# New (to me) SL2



## mjdwyer23 (Mar 18, 2009)

Well I picked up my bike from the shop today. I had them swap everything over from my 2007 SL to the new 2009 SL2 frame that I picked up. Just in time for a foot of snow! Hopefully I'll get to ride it next week after the roads clear up.


----------



## foofighter (Dec 19, 2008)

i had to check to see if my monitor was displaying in B&W...WOW that's an awesome whip you got there

too bad u have snow would be interested in hearing your feedback about the ride compared to your old tarmac


----------



## mjdwyer23 (Mar 18, 2009)

Thanks dude, I'm psyched! I'll have to have my inaugural ride on my rollers. I can't wait for the roads to clear up so I can see how she rides!


----------



## foofighter (Dec 19, 2008)

seriously nice looking bikes like that I can just enjoy looking at enjoy!


----------



## locobaylor (Mar 11, 2008)

awesome ride. looks awesome.


----------



## King Arthur (Nov 13, 2009)

*nice*

Nice colors, and nice wheels. Got my SL3 frame in (just two more payments and the frame is mine.:thumbsup:


----------



## fallzboater (Feb 16, 2003)

You better be fast, riding a bike that looks like that. Enjoy!


----------



## mjdwyer23 (Mar 18, 2009)

^ excellent point.

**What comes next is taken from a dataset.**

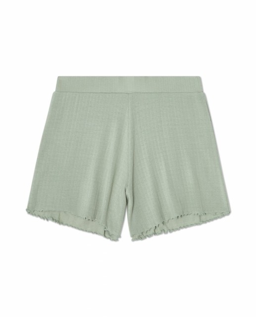 Den matchende buksen har normal midje med elastisk linning for god komfort og enkel bruk. Også her gir pointellestoffet og lettuce-kantene et gjennomført og sofistikert uttrykk, samtidig som materialet er mykt, pustende og behagelig mot huden.

Time to do some intervals!


----------



## mjdwyer23 (Mar 18, 2009)

Update: Other than intervals on the rollers, the new bike hasn't seen pavement. I have a group ride planned Tuesday assuming the winds are cooperative -- I'm ready for winter to be done! We had a nice rainstorm wash the roads off on Monday, then 8 more inches of snow thursday. Woof!


----------



## pvflyer (Oct 15, 2009)

Great lookin bike. I like your choice for parts, how do you like the Easton seat post with no offset and those SRAM wheels on crosswind? What size frame and how much it weigh? 


Regards


----------



## mjdwyer23 (Mar 18, 2009)

Easton post is cool -- I like a more forward position so the saddle isn't rammed all the way forward on it (have fit it better since pic).

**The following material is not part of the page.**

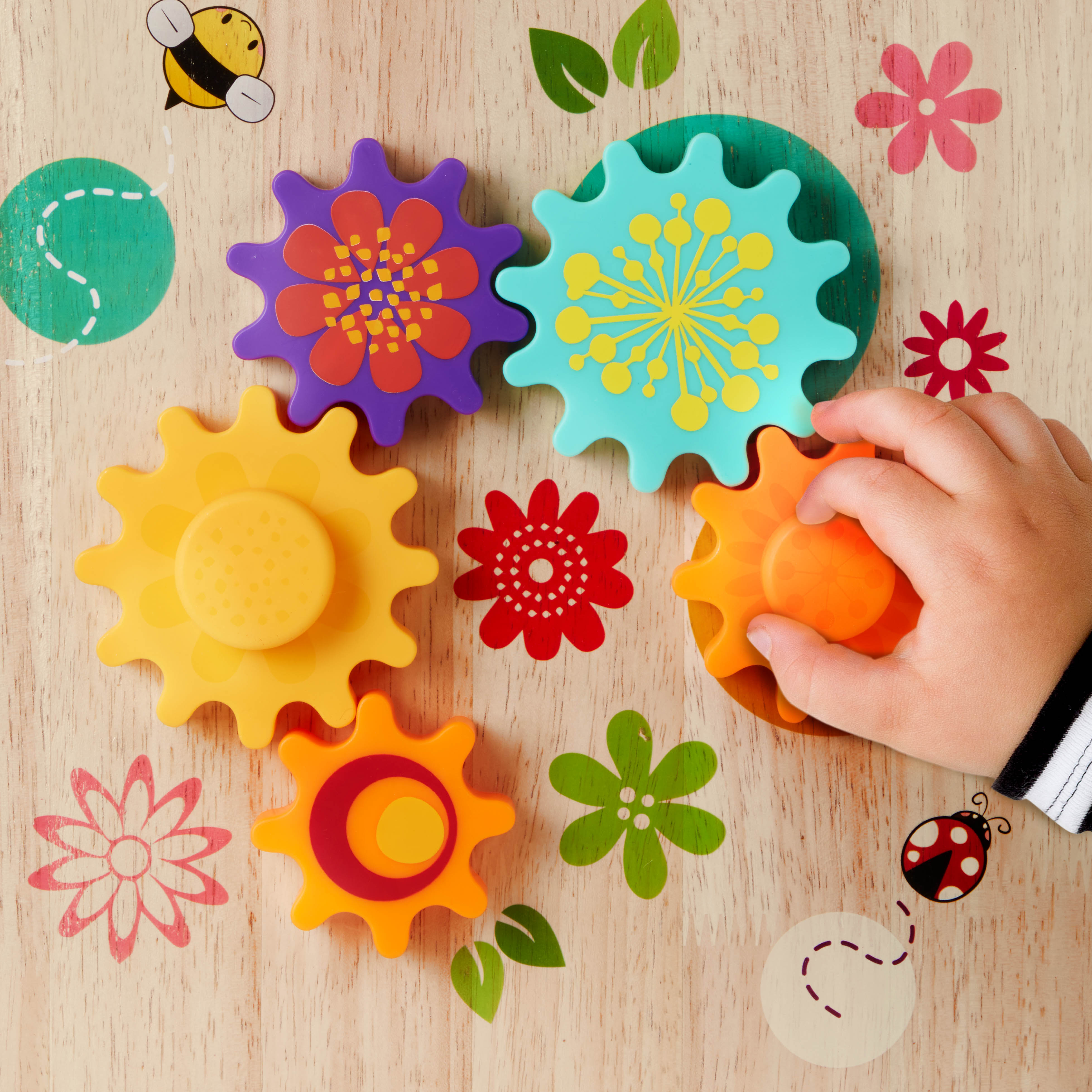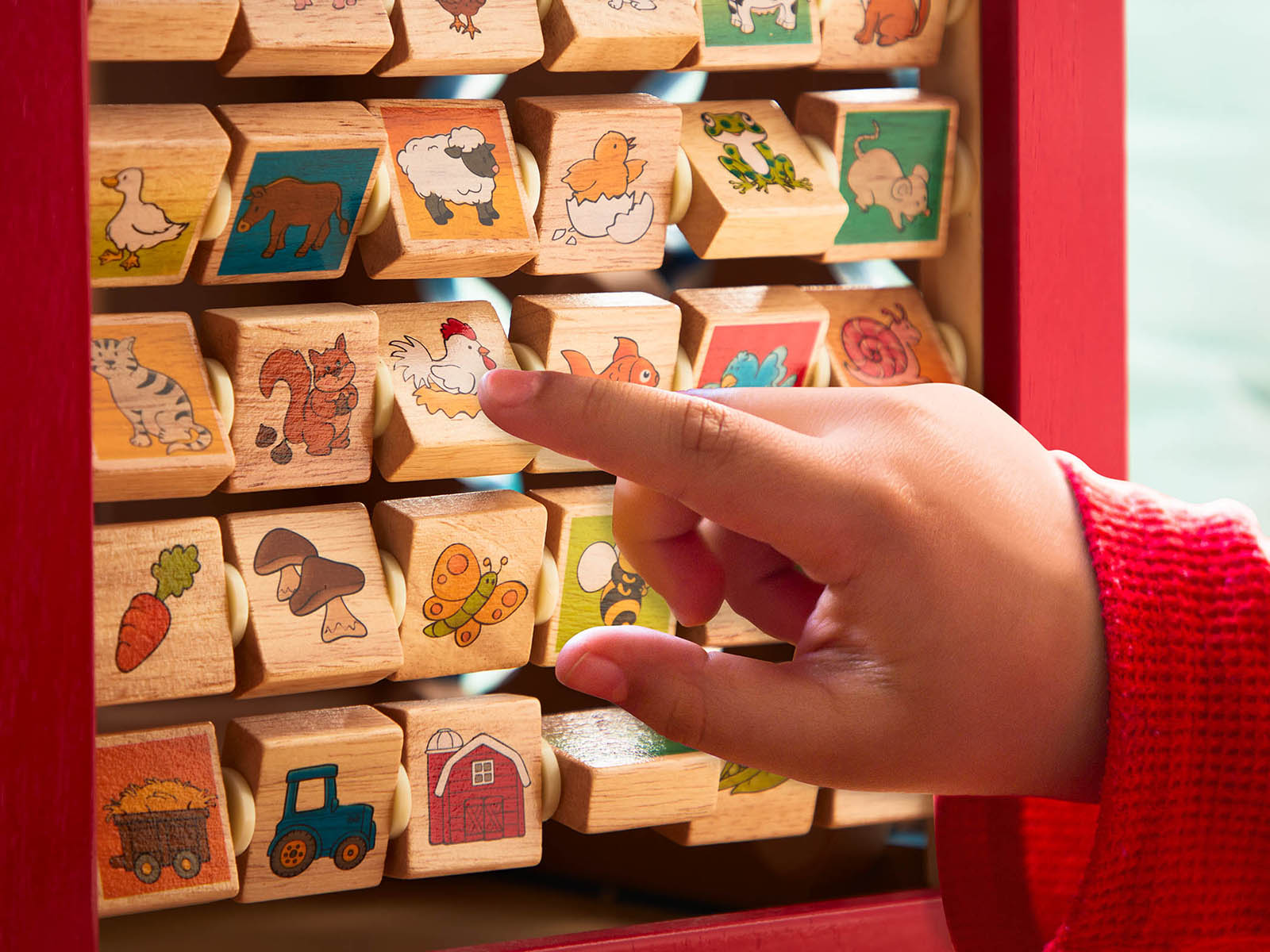 手是我們不可或缺的生活工具,不論拿筆、用餐、擰毛巾、開瓶蓋,大大小小的事情都是透過雙手執行。手指一推就翻動的木牌和木門最容易讓寶寶獲得成就感,超大轉盤使用一隻手指、整個手掌、左右手合作轉動時能發揮的力量都不同,轉速也越來越快;遊戲過程既是行為探索也是能力培養。

As far as the wheels go, I have no problem with them in crosswinds up to 30mph. The 60mm front is easy to manage (I am 155 lbs) and the rear feels awesome. No problem for me. I think the mid-depth wheels in crosswinds thing is a myth. If you have minimal handling skills and know how to drive the bike, you'll be fine!


----------



## mjdwyer23 (Mar 18, 2009)

Should clarify, 30mph is gusts. I don't ride in constant winds that high. 20mph steady is about my limit before I don't go out.


----------



## mjdwyer23 (Mar 18, 2009)

I should have read your whole reply before responding! Bike is 56cm, with Sram wheels weighs 15.9 lbs.


----------



## pvflyer (Oct 15, 2009)

mjdwyer23 said:


> I should have read your whole reply before responding! Bike is 56cm, with Sram wheels weighs 15.9 lbs.


 Thanks 

Great lookin Bike :thumbsup:


----------



## mjdwyer23 (Mar 18, 2009)

Got my first ride in today! All I have to say is this thing is a rocket! Smooth as silk, goes with no questions asked when you put the hammer down. The handling definitely feels different from my 07 s-works, and the ride is much improved. I'm psyched! Can't wait to get more miles on, and I'm so happy to have ridden outdoors finally! That being said, riding my rollers a few times a week has definitely helped my base, so I can't complain too much.


----------



## mjdwyer23 (Mar 18, 2009)

Whelp, after a rare moment of clarity, I have decided to sell my masterpiece. I am building up a Pedal Force kit w/ Powertap and looking to pick up some more cx junk. It was certainly a fun build!


----------



## thehook (Mar 14, 2006)

WHAT? You are selling this bike? WOW baby looks like a masterpeice. I could never sell it!


----------



## mjdwyer23 (Mar 18, 2009)

Yeah, I was on a mission trip in the Dominican Republic for the past 10 days and had kind of a revelation.


----------



## mjdwyer23 (Mar 18, 2009)

Bike sold overnight. Sad to see it go!


----------



## varian72 (Jul 18, 2006)

mjdwyer23 said:


> Yeah, I was on a mission trip in the Dominican Republic for the past 10 days and had kind of a revelation.


God hates Specialized?


----------



## mjdwyer23 (Mar 18, 2009)

lol...


----------